Each entry that follows is to be retyped exactly. Pictures do not belong in the copy.

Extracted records
====================

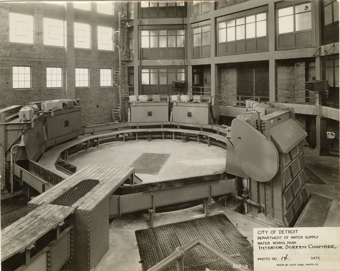 Interior view of the screen chamber, Waterworks Park, Detroit water supply system. Printed on front: "City of Detroit. Department of Water Supply. Water Works Park. Interior screen chamber. Photo no. 14. Date [blank]. Photo by Amer. Coml. Photo Co."
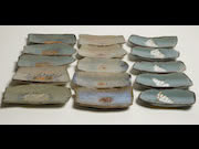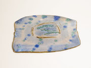 青磁長形握り皿 25×16.5×0.5 日本陶芸倶楽部の青磁釉は素晴らしい。 薄く掛けると高麗青磁風に、濃くすると南宋青磁風に発色してくれる。 今回は、信楽の白っぽい土で素焼きした皿の上下を細長く伏せ、青磁釉を尺掛けする。 上下の抜いた部位には染め付けを刷毛塗りする。 単純明快、スッキリと爽やかな握り皿になった。 青磁は様々な握りの色彩の美しさを映えさしてくれるのだが、青磁が少し崩れて面白ろかった。
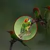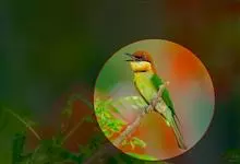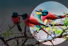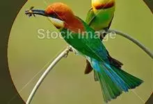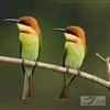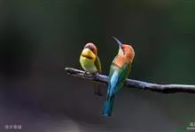 栗喉蜂虎是蜂虎科蜂虎属的鸟类。有热带鸟类羽毛艳丽的特征:喉部是栗红色的,黑色的过眼纹,翅膀和背部是绿色的,尾翼是蓝色的,飞行时翅膀下面的羽毛是橙黄色的,在阳光的照射下,它们全身闪烁着金属般的艳丽光泽,…全部>>
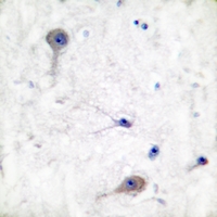 Immunohistochemical analysis of Patched staining in human brain formalin fixed paraffin embedded tissue section. The section was pre-treated using heat mediated antigen retrieval with sodium citrate buffer (pH 6.0). The section was then incubated with the antibody at room temperature and detected using an HRP conjugated compact polymer system. DAB was used as the chromogen. The section was then counterstained with haematoxylin and mounted with DPX.
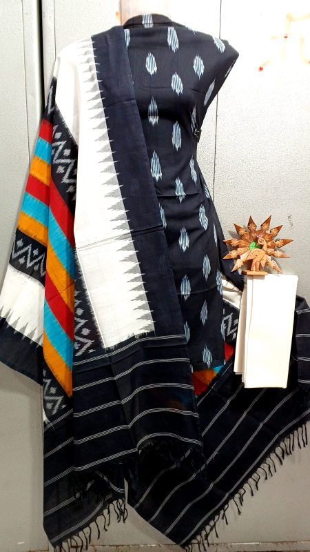 Double Ikkat Pochampally Handloom Unstitched Ethnic Dress Materials
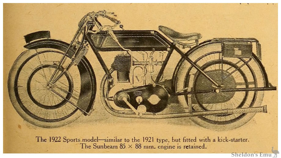 The 1922 Sports model - similar to the 921 type, but fitted with a kick-starter. The Sunbeam 85 x 88 mm. engine is retained.
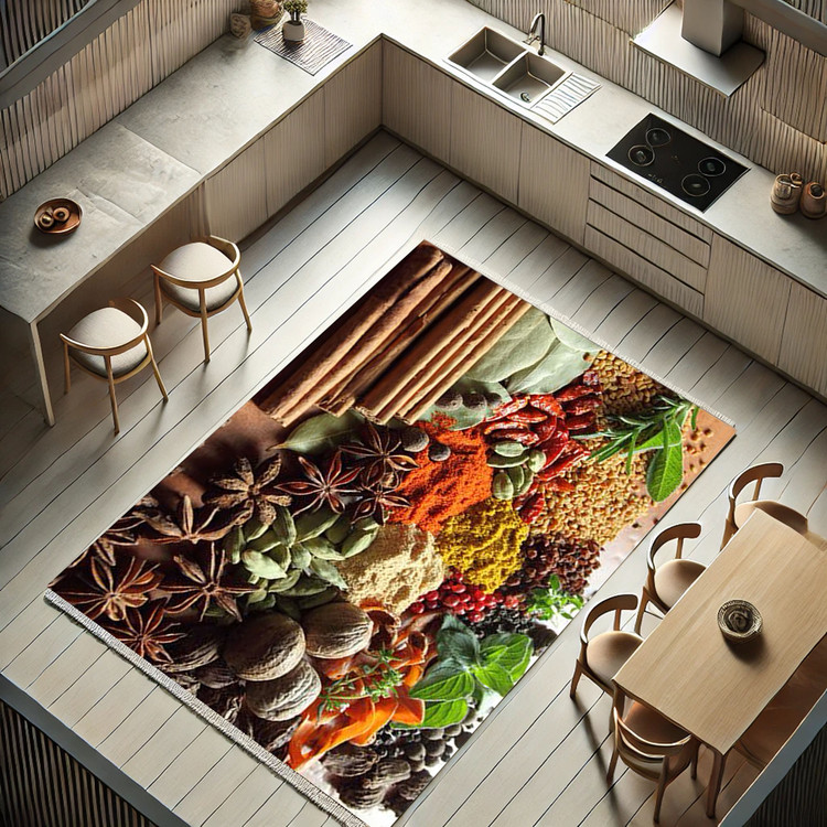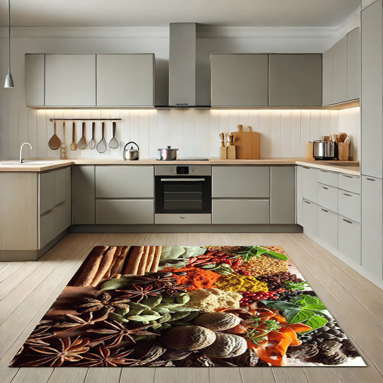 فرش عطریجات معطر کد K150 با الهام از عطریجات و ادویههای معطر، فضای آشپزخانه شما را با طراحیهای طبیعی و کلاسیک زینت میبخشد.
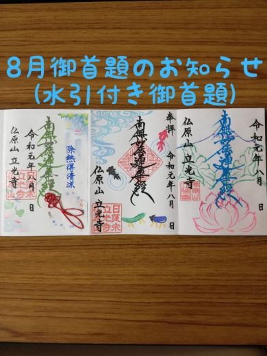 [ 8月 御首題のご案内 ] 8月の御首題をご案内致します。 8月の花は、蓮の華です。當山に咲いている…
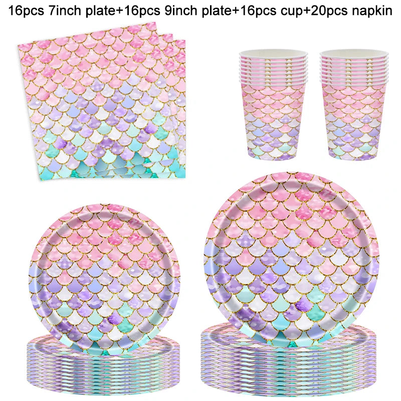 Plongez dans l’univers magique des sirènes avec le kit de vaisselle jetable Kidslands® ! Idéal pour les anniversaires, ce set complet transforme chaque table en un véritable royaume sous-marin féérique.
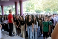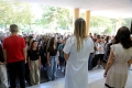Teachers waiting for elementary school children on the first day of the new school year, for elementary and middle school students, at Vasil Shanto school, in Tirana.
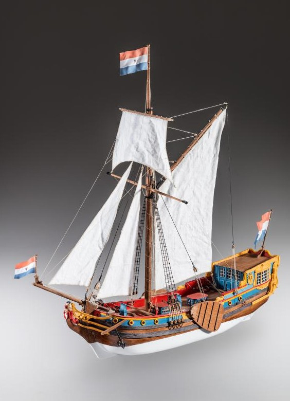 Statenjacht werd in de 17e eeuw in Nederland gebruikt voor het vervoer van wettelijke of zakelijke persoonlijkheden. Dit schip was voorzien van een vlakke bodem, afgeronde boeg en achtersteven rijkelijk versierd. Kanonnen aan boord van het schip werden gebruikt voor salueren en seinen. Schepen van dit type waren normaal gesproken 18 tot 21 meter lang. Dit specifieke model stelt een Statenjacht in dienst van de Verenigde Oost-Indische Compagnie (VOC-Vereenigde Oost-Indische Compagnie).
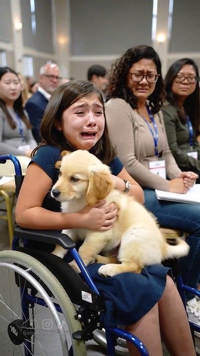 A young girl in a wheelchair sat quietly at first, holding a small golden puppy in her arms. At a glance, it looked like a simple interaction—just a child meeting a dog.
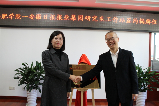 党委研究生工作部部长、研究生处处长葛春梅与安徽日报报业集团人事处处长张擎分别代表合作双方签署共建研究生工作站框架协议,吴春梅与范荣晖共同为研究生工作站揭牌。
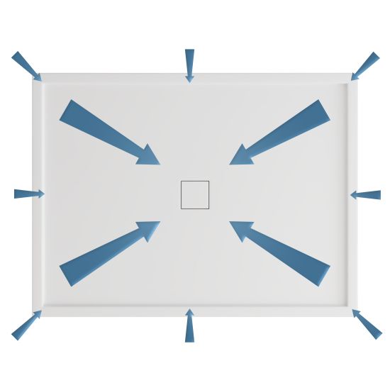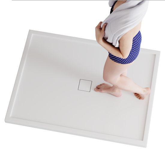 Brodzik został zaprojektowany z myślą o maksymalnej wygodzie i funkcjonalności codziennego użytkowania. Delikatne spady konstrukcyjne na powierzchni brodzika zapewniają szybkie i efektywne odprowadzanie wody do odpływu, zapobiegając jej gromadzeniu się na powierzchni. Precyzyjnie zaprojektowane nachylenie gwarantuje komfort natrysku bez wpływu na estetykę powierzchni — brodzik zachowuje elegancki, płaski wygląd. Delikatne spady występują także na krawędziach brodzika, na których wspiera się kabina prysznicowa, skutecznie chroniąc przed zatrzymywaniem się wody na styku elementów.

====================

Answer to this task:
 Interior view of the screen chamber, Waterworks Park, Detroit water supply system. Printed on front: "City of Detroit. Department of Water Supply. Water Works Park. Interior screen chamber. Photo no. 14. Date [blank]. Photo by Amer. Coml. Photo Co."
 青磁長形握り皿 25×16.5×0.5 日本陶芸倶楽部の青磁釉は素晴らしい。 薄く掛けると高麗青磁風に、濃くすると南宋青磁風に発色してくれる。 今回は、信楽の白っぽい土で素焼きした皿の上下を細長く伏せ、青磁釉を尺掛けする。 上下の抜いた部位には染め付けを刷毛塗りする。 単純明快、スッキリと爽やかな握り皿になった。 青磁は様々な握りの色彩の美しさを映えさしてくれるのだが、青磁が少し崩れて面白ろかった。
 栗喉蜂虎是蜂虎科蜂虎属的鸟类。有热带鸟类羽毛艳丽的特征:喉部是栗红色的,黑色的过眼纹,翅膀和背部是绿色的,尾翼是蓝色的,飞行时翅膀下面的羽毛是橙黄色的,在阳光的照射下,它们全身闪烁着金属般的艳丽光泽,…全部>>
 Immunohistochemical analysis of Patched staining in human brain formalin fixed paraffin embedded tissue section. The section was pre-treated using heat mediated antigen retrieval with sodium citrate buffer (pH 6.0). The section was then incubated with the antibody at room temperature and detected using an HRP conjugated compact polymer system. DAB was used as the chromogen. The section was then counterstained with haematoxylin and mounted with DPX.
 Double Ikkat Pochampally Handloom Unstitched Ethnic Dress Materials
 The 1922 Sports model - similar to the 921 type, but fitted with a kick-starter. The Sunbeam 85 x 88 mm. engine is retained.
 فرش عطریجات معطر کد K150 با الهام از عطریجات و ادویههای معطر، فضای آشپزخانه شما را با طراحیهای طبیعی و کلاسیک زینت میبخشد.
 [ 8月 御首題のご案内 ] 8月の御首題をご案内致します。 8月の花は、蓮の華です。當山に咲いている…
 Plongez dans l’univers magique des sirènes avec le kit de vaisselle jetable Kidslands® ! Idéal pour les anniversaires, ce set complet transforme chaque table en un véritable royaume sous-marin féérique.
Teachers waiting for elementary school children on the first day of the new school year, for elementary and middle school students, at Vasil Shanto school, in Tirana.
 Statenjacht werd in de 17e eeuw in Nederland gebruikt voor het vervoer van wettelijke of zakelijke persoonlijkheden. Dit schip was voorzien van een vlakke bodem, afgeronde boeg en achtersteven rijkelijk versierd. Kanonnen aan boord van het schip werden gebruikt voor salueren en seinen. Schepen van dit type waren normaal gesproken 18 tot 21 meter lang. Dit specifieke model stelt een Statenjacht in dienst van de Verenigde Oost-Indische Compagnie (VOC-Vereenigde Oost-Indische Compagnie).
 A young girl in a wheelchair sat quietly at first, holding a small golden puppy in her arms. At a glance, it looked like a simple interaction—just a child meeting a dog.
 党委研究生工作部部长、研究生处处长葛春梅与安徽日报报业集团人事处处长张擎分别代表合作双方签署共建研究生工作站框架协议,吴春梅与范荣晖共同为研究生工作站揭牌。
 Brodzik został zaprojektowany z myślą o maksymalnej wygodzie i funkcjonalności codziennego użytkowania. Delikatne spady konstrukcyjne na powierzchni brodzika zapewniają szybkie i efektywne odprowadzanie wody do odpływu, zapobiegając jej gromadzeniu się na powierzchni. Precyzyjnie zaprojektowane nachylenie gwarantuje komfort natrysku bez wpływu na estetykę powierzchni — brodzik zachowuje elegancki, płaski wygląd. Delikatne spady występują także na krawędziach brodzika, na których wspiera się kabina prysznicowa, skutecznie chroniąc przed zatrzymywaniem się wody na styku elementów.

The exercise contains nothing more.